La demande attrape l'appel dont l'agent ne vous a pas parlé. Elle ne
lit pas votre diff. Approuvez un git push et Bromure le transmet —
y compris, en principe, un workflow empoisonné que vous n'avez pas
remarqué. Il déplace la décision vers vous et montre l'opération
réelle ; la lire reste votre travail.
La carence est une fenêtre, pas un mur.
Deux jours, c'est calé sur l'écart observé entre publication et retrait. Un attaquant patient peut camper sur une version compromise au-delà de la carence et être installable le troisième jour. Cela affame les vers du jour même ; cela ne se porte pas garant d'un paquet qui a simplement vieilli. socket.dev et OSV doivent encore faire leur part.
Cadrez le courtier à dessein.
L'isolation contient l'explosion ; le cadrage décide de l'ampleur qu'elle aurait pu avoir.
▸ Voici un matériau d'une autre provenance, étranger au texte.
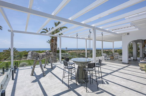 What makes this property stand out are the exceptional outdoor areas. The beautifully maintained garden surrounds the home, filled with quiet corners perfect for reading or relaxing. The terraces are extensive and varied, offering postcard-perfect views across the hills and out to the sea – the kind of views that never get old. Two stunning swimming pools enhance the appeal: one located at the main living level for easy access and another on a lower terrace, offering breathtaking views. Chill-out zones are dotted throughout the grounds, including a BBQ area, two outdoor dining spaces, a bar and both shaded and sunny spots to enjoy throughout the day.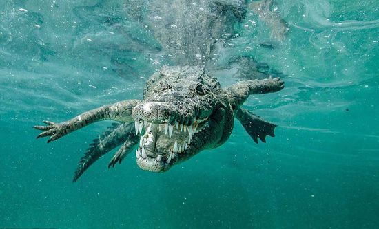 当前位置: > 潜水资讯 > 男子在古巴潜水遭遇巨鳄 “水中杀手”近景曝光

Un profil qui ne fait que lire un dépôt ne devrait pas détenir un token qui y écrit ; un qui ne publie jamais ne devrait détenir aucun token de publication. La ligne garde les secrets hors de la VM — quels secrets existent tout court reste votre décision.
La ligne que nous tiendrons.
Voici l'engagement. Un développeur ne devrait pas avoir à devenir un sysadmin — maintenir une liste blanche, pré-valider chaque dépendance, abandonner la vitesse qui rendait un agent digne d'être lancé — pour garder son trousseau. Un bac à sable fait de la sécurité un troc contre l'utilité, et les développeurs, sensément, continuent de choisir l'utilité. Une frontière refuse le troc : faites tout ce que vous voulez à l'intérieur, parce que l'intérieur est jetable, et les quatre choses qui comptent — vos identifiants, la portée de vos tokens, les paquets qui vous atteignent, les instructions qui atteignent votre modèle — sont décidées à une ligne avec laquelle le code à l'intérieur ne peut pas discuter.
C'est pourquoi « c'est un bac à sable » est la description que nous ne cesserons de corriger. Un bac à sable contraint l'agent. Bromure contraint la frontière, et libère l'agent. Bromure Agentic Coding est libre, open-source, et livré dès aujourd'hui.